Parallel file systems (also known as cluster file systems) have emerged as a powerful solution to the I/O bottleneck and IBM’s General Parallel File System (GPFS) is among the best. Originally developed for digital-media applications, GPFS now powers many of the world’s most powerful scientific supercomputers and holds the world’s terabyte sort record and several other performance awards. Parallel file systems offer three primary advantages over traditional distributed and SAN file systems:
 
·        High bandwidth—Parallel file systems are very effective when distributed or SAN file systems can’t deliver the aggregate bandwidth required for the environment. Where network file systems typically deliver less than 125 MB/second and SAN file systems top out around 500 MB/second, GPFS has delivered 15 GB/second on a single node. Moreover, GPFS can scale this performance as more nodes are attached, delivering enormous aggregate bandwidth. In addition to its world terabyte sort record, GPFS won awards for both the highest bandwidth and the most I/Os per second (running a real application) at the 2004 Supercomputing Conference.
 
·        Data sharing—Another key advantage of parallel file systems is that all of the attached nodes have equal access to all of the data on the underlying disks, making parallel file systems ideal for cluster environments where many users or applications work with the same data (e.g., many engineers can share a single set of design files). And GPFS recently added unique “multi-cluster” support, enabling data sharing and collaboration across interconnected clusters; this capability is currently being used to share data and results across a consortium of European research centers.
 
·        High reliability without bottlenecks—Unlike distributed file systems, which transfer all of the data through a single server and path, parallel file systems aren’t client/server designs and employ redundant paths, allowing configurations that eliminate all single points of failure; if one path fails, data can flow via another one. Even SAN file systems, which don’t transfer all of the data through a single data server, typically must access a single metadata server to initiate a transfer, again impacting performance.
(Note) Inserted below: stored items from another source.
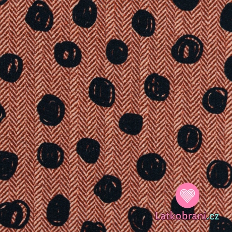 Teplákovina potisk klubíčka na vínovém podkladu se vzorem rybí kosti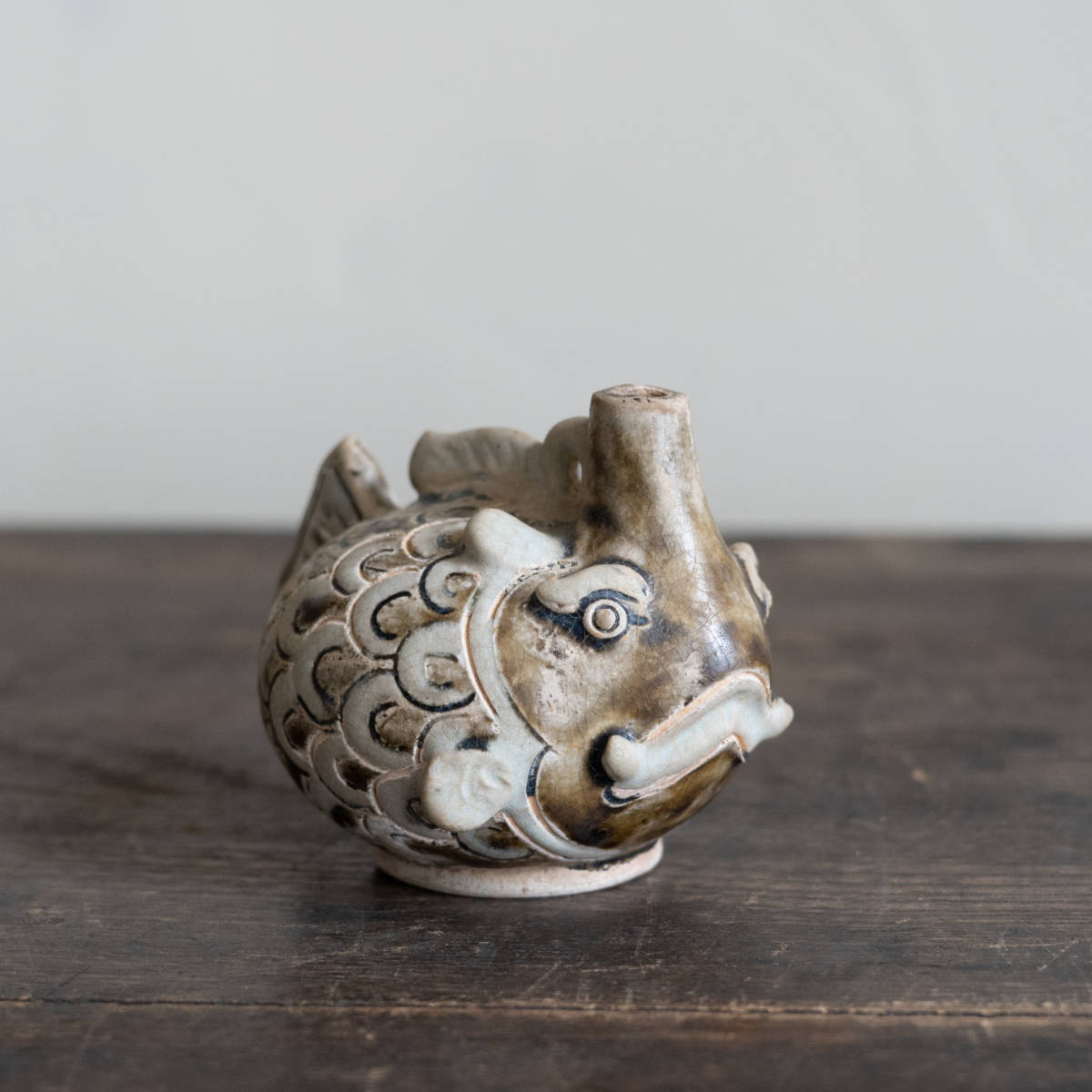 - 水滴 魚 陶器 書道具 文具 / 中国 骨董 古物 時代物 陶器 古玩 オブジェ 置物
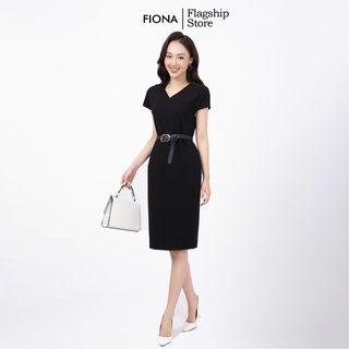 Đầm nữ dáng suông Fiona cổ V tay liền thắt đai lưng trang trí F452000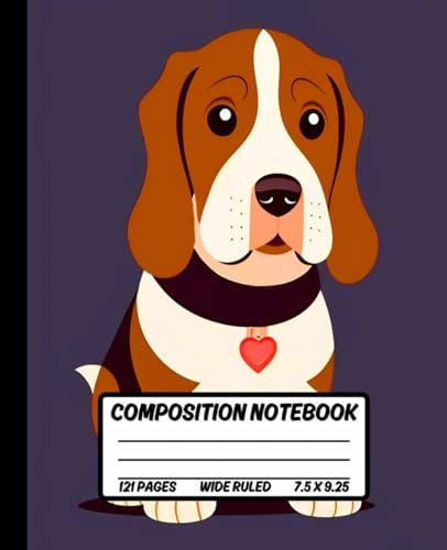 Cute Basset Hound Composition Notebook Wide Ruled: A Sweet, Gentle Basset Hound With Droopy Ears and Big Eyes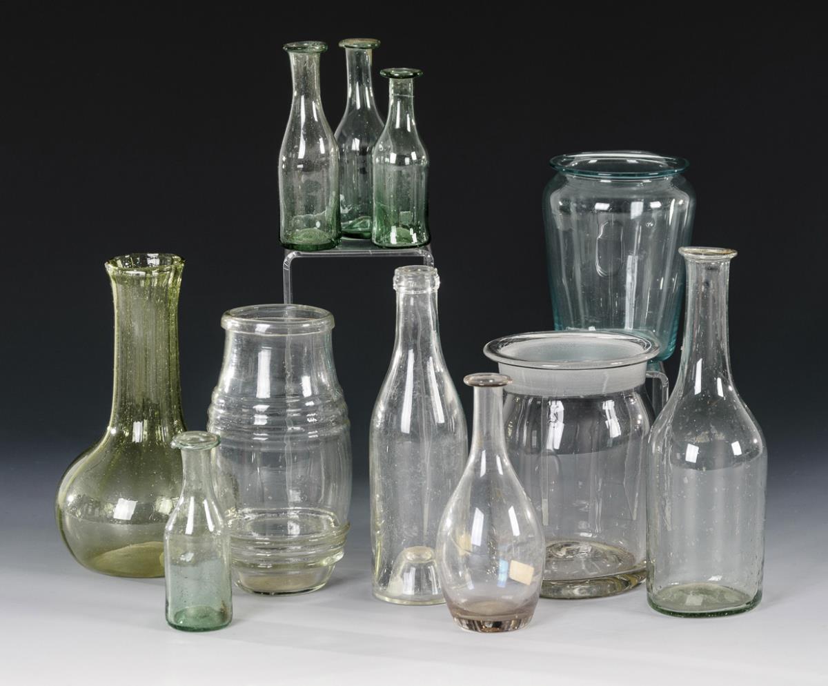 8 verschiedene Flaschen (darunter 4 kleine, grüne Flaschen, 1 ovoide, manganstichige und 1 grüne, längsoptisch geblasene Flasche; H 8,5 - 15 cm). / 3 verschiedene Vorratsgefäße mit ausgestelltem Mündungsrand. 1 kleine Flasche mit Spannungsrissen am Boden; 1 Vorratsgefäß ursprünglich mit Deckel, dieser fehlt.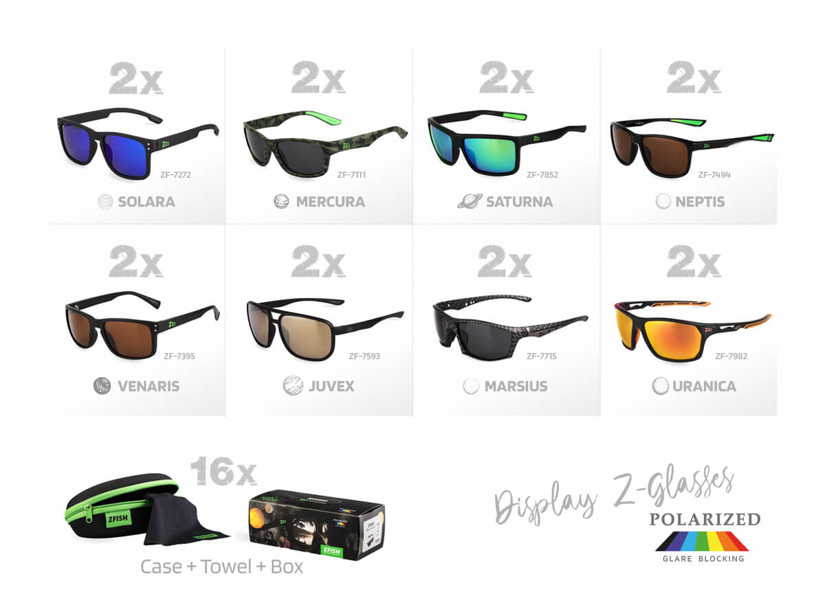 ZFISH AKČNÍ SET BRÝLÍ 16Ks+ PRODEJNÍ STOJÁNEK ZDARMA!

And despite efforts to alleviate these bottlenecks with simple mechanisms to split the load among multiple data or metadata servers, there’s simply no good way to prevent overload or failure with these designs. Conversely, GPFS stores both data and metadata across any or all of the disks in the cluster so there’s no single data server, metadata server or data path to act as a bottleneck or single point of failure.
 
With these capabilities come several others, including the ability for multiple users or applications to access different parts of a single file simultaneously and high scalability. GPFS currently supports production clusters of more than 2,200 nodes and file systems comprising more than 1,000 disks and hundreds of terabytes of storage.
 
How Does GPFS Do It?
The key to GPFS’s bandwidth is that GPFS divides individual files into multiple blocks and “stripes” (stores) these blocks across all of the disks in a file system (see Figure 1, below). To read or write a file, GPFS initiates multiple I/Os in parallel, thereby performing the transfer quickly. In addition, each block is much larger than in a traditional file system—typically 256 KB and up to 1024 KB. This enables GPFS to transfer large amounts of data with each operation and reduce the effect of seek latency.
 
To keep track of all of these blocks and ensure data integrity, GPFS implements a distributed byte-range locking mechanism. The “distributed” part synchronizes file system operations across compute nodes so that, although file system management is distributed across many machines for optimal performance, the entire file system looks like a single file server to every node in the cluster. The “byte-range” part means that rather than locking an entire file when it’s accessed, thereby preventing all other access like traditional file systems, GPFS locks individual parts of a file separately. This enables multiple users, applications or parallel jobs to work on different parts of a single file simultaneously, offering many benefits. For example, multiple engineers or applications can access and update a single design file simultaneously, eliminating the additional storage and overhead associated with storing multiple copies, not to mention the effort required to merge all of the copies into a finished product. In a broadcast news environment, video editors can work on a live video feed as it streams in from the field, accelerating the time to air.
 
Designed for High Reliability
In addition to eliminating the single points of failure associated with individual servers or paths (as previously discussed), GPFS is also designed to accommodate hardware failures. In fact, several commercial customers use GPFS primarily for its reliability rather than its performance. To protect against failure of a compute node, each node logs all of its updates and stores them on shared disks just like all of the other data and metadata. If a node fails, another node can access the failed node’s log to determine what updates were in progress and restore the affected file(s). These files can be accessed normally once they’re consistent again. To protect against disk failures, GPFS can stripe its data across RAID disks and be configured to store copies of data and metadata on different disks. Finally, GPFS doesn’t require the file system to be taken down to make configuration changes such as adding, removing or replacing disks in an existing file system or adding nodes to an existing cluster.
 
Highly Available Access
GPFS supports a variety of disk hardware and offers three configuration options ranging from a full-access SAN implementation for ultimate performance to a shared-disk server model that’s less expensive as the cluster gets very large. GPFS is a proven solution for virtually any environment requiring extremely reliable, high-bandwidth shared data access.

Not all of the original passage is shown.